Natalia de Molina (born 19 December 1990) is a Spanish actress from Andalusia. Since her film debut in the 2013 dramedy Living Is Easy with Eyes Closed, she has featured in films such as Food and Shelter (for which she won the Goya Award for Best Actress), Quién te cantará, Bye, Schoolgirls and Undercover Wedding Crashers.

Life and career
Natalia de Molina was born on 19 December 1990 in Linares, in the province of Jaén, although she was raised in Granada since age 2. Her uncle is an actor and theatre director and her elder sister Celia is also an actress.

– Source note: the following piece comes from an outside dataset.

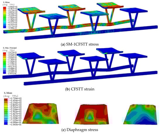 Figure 16a,b illustrate the stress–strain distribution within the CFSTTs of Model SM-1. Notably, significant stress concentrations are observed at the CFSTT nodes and along the bottom flanges, with peak stress values reaching approximately 3.804 × 102 MPa. This exceeds the yield strength of 235 MPa for the steel material utilized in the CFSTT of SM-1, indicating a transition into the post-elastic regime. In this phase, the stress–strain relationship deviates from proportionality, with the material undergoing plastic deformation. Despite these local plastic deformations, the overall stress distribution across the structure remains relatively uniform under load. This uniformity can be attributed to the composite action of concrete and steel in the CFSTT, leveraging the high strength of concrete and the confining effect of the steel tube. These attributes endow the CFSTT with commendable deformability and residual strength even at high stress levels. The maximum principal strain plots further delineate the deformation trends throughout the loading process, with the overall maximum strain values remaining at low levels, substantiating the CFSTT’s elastic behavior and ductility.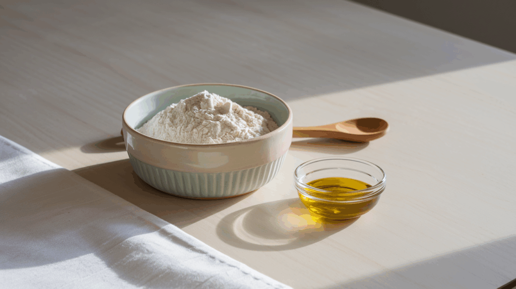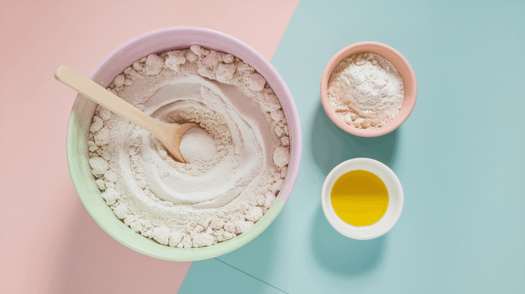 Du brauchst Mehl und Öl. Beides sorgt dafür dass sich die Masse weich anfühlt und gut zusammenhält. Ideal ist Babyöl oder ein mildes Speiseöl. Die Mischung fühlt sich angenehm an und riecht neutral. Wenn du möchtest kannst du Lebensmittelfarbe Pulverfarben oder Aromen hinzufügen.

She moved to Málaga when she was 18 years old to study performing arts (musical specialisation) at the local , later moving to Madrid before finishing her degree.

She made her feature film debut in David Trueba's 2013 comedy-drama Living Is Easy with Eyes Closed, portraying Belén, an unmarried pregnant woman in Francoist Spain. Her breakout performance earned her the Goya Award for Best New Actress. In 2016, she won the Goya Award for Best Actress for her role as unemployed single mother in Food and Shelter, thereby becoming the youngest actress to win two Goya awards.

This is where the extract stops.